Carlos Sainz had other ideas. Not long after the restart the Mexico City GP winner lost control of his Ferrari, bringing out the safety car and bunching up the field again.

This time Verstappen made his move. Ocon took a wide line through Turn 1 and Max outbraked him on the inside, using every ounce of his skill to find the grip, get the car turned and keep it on the island. P1. Simply lovely. If not slightly ironic given he'd had such a hard time staying between the white lines in the dry a week ago...

Meanwhile Norris had made another error, one of many small mistakes over the season that have ultimately cost him a shot at the title. At the restart he locked up and went long at Turn 1, losing another two places. For the second time in as many days, teammate Oscar Piastri generously gave one of them back and let him by.
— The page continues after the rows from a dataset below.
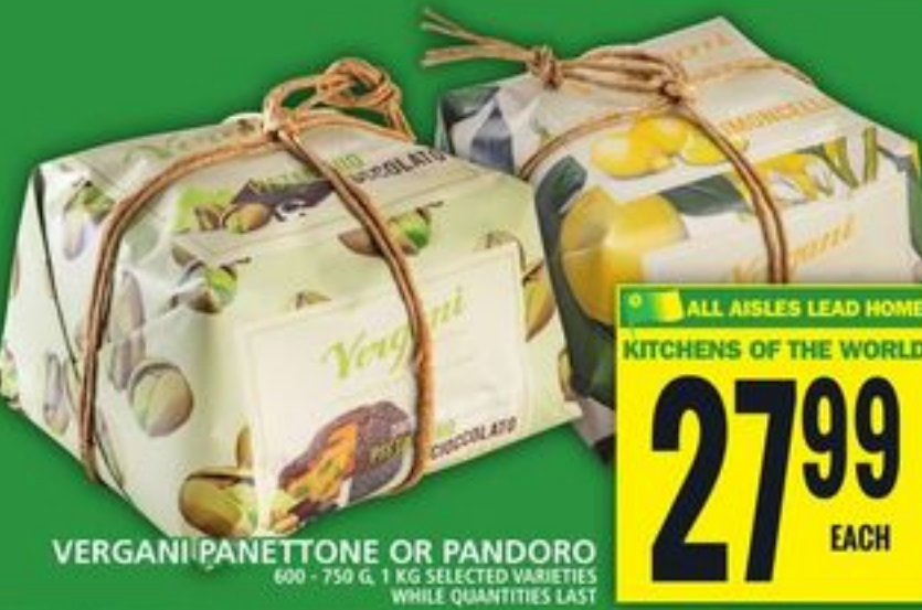
VERGANI PANETTONE OR PANDORO 600 - 750 G, 1 KG SELECTED VARIETIES WHILE QUANTITIES LAST

ALL AISLES LEAD HOME KITCHENS OF THE WORLD 31 99 EACH
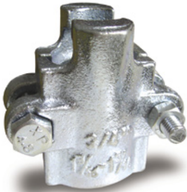
GJCL - 2 BOLT CLAMPS
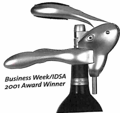
Business Week/IDSA 2001 Award Winner

THE NEW SILVER RABBIT® CORKSCREW WEARS A SHINING SUIT OF ARMOR
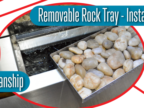
Removable Rock Tray - Instant Access
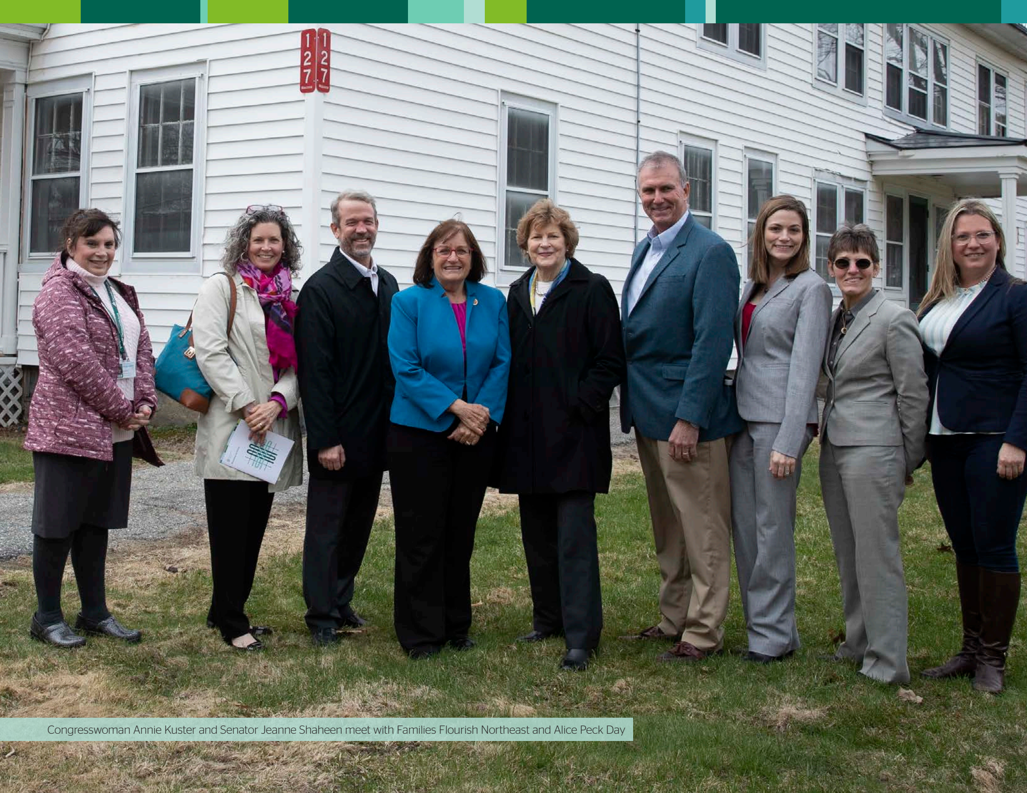
Congresswoman Annie Kuster and Senator Jeanne Shaheen meet with Families Flourish Northeast and Alice Peck Day
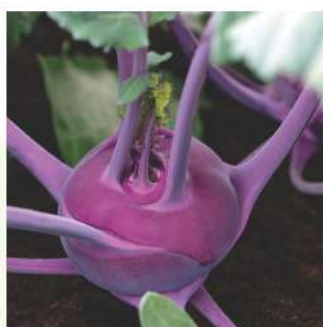
Kohlraby Vienna Purple
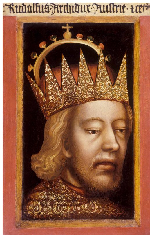
Fig. 5 Portrait of Rudolf IV of Austria, Vienna, Dom- und Diözesanmuseum (PD-Art template).

We can, therefore, reconstruct the Prague cycle as a series of 120 portraits, starting with four important monarchs from antiquity: Ninus, Alexander the Great, Tola, Romulus. It was continued with the Roman emperors from Julius Caesar onwards. The Byzantine emperors were also represented and, finally, the Holy Roman emperors ended the cycle.

But P6 was all he could do.

That left Verstappen to cruise off into the distance, racking up fastest lap after fastest lap as he built up a lead of more than 19 seconds by the time he took the chequered flag, as Ocon and Gasly secured second and third; a result so sensational that the pair hugged after the race. Whoever said sport couldn't bring people together?

Anyway, Verstappen now leads the championship by 62 points with three races and a sprint to go, and he could draw level with Sebastian Vettel and Alain Prost as a four-time champ as early as Vegas in three weeks' time.

For all his controversial tactics and flirtations with the rulebook, in Brazil Verstappen reminded everyone what he's been unable to show since his Red Bull began to struggle in June: he is the best driver in the world, and he is going to win the world championship. Again.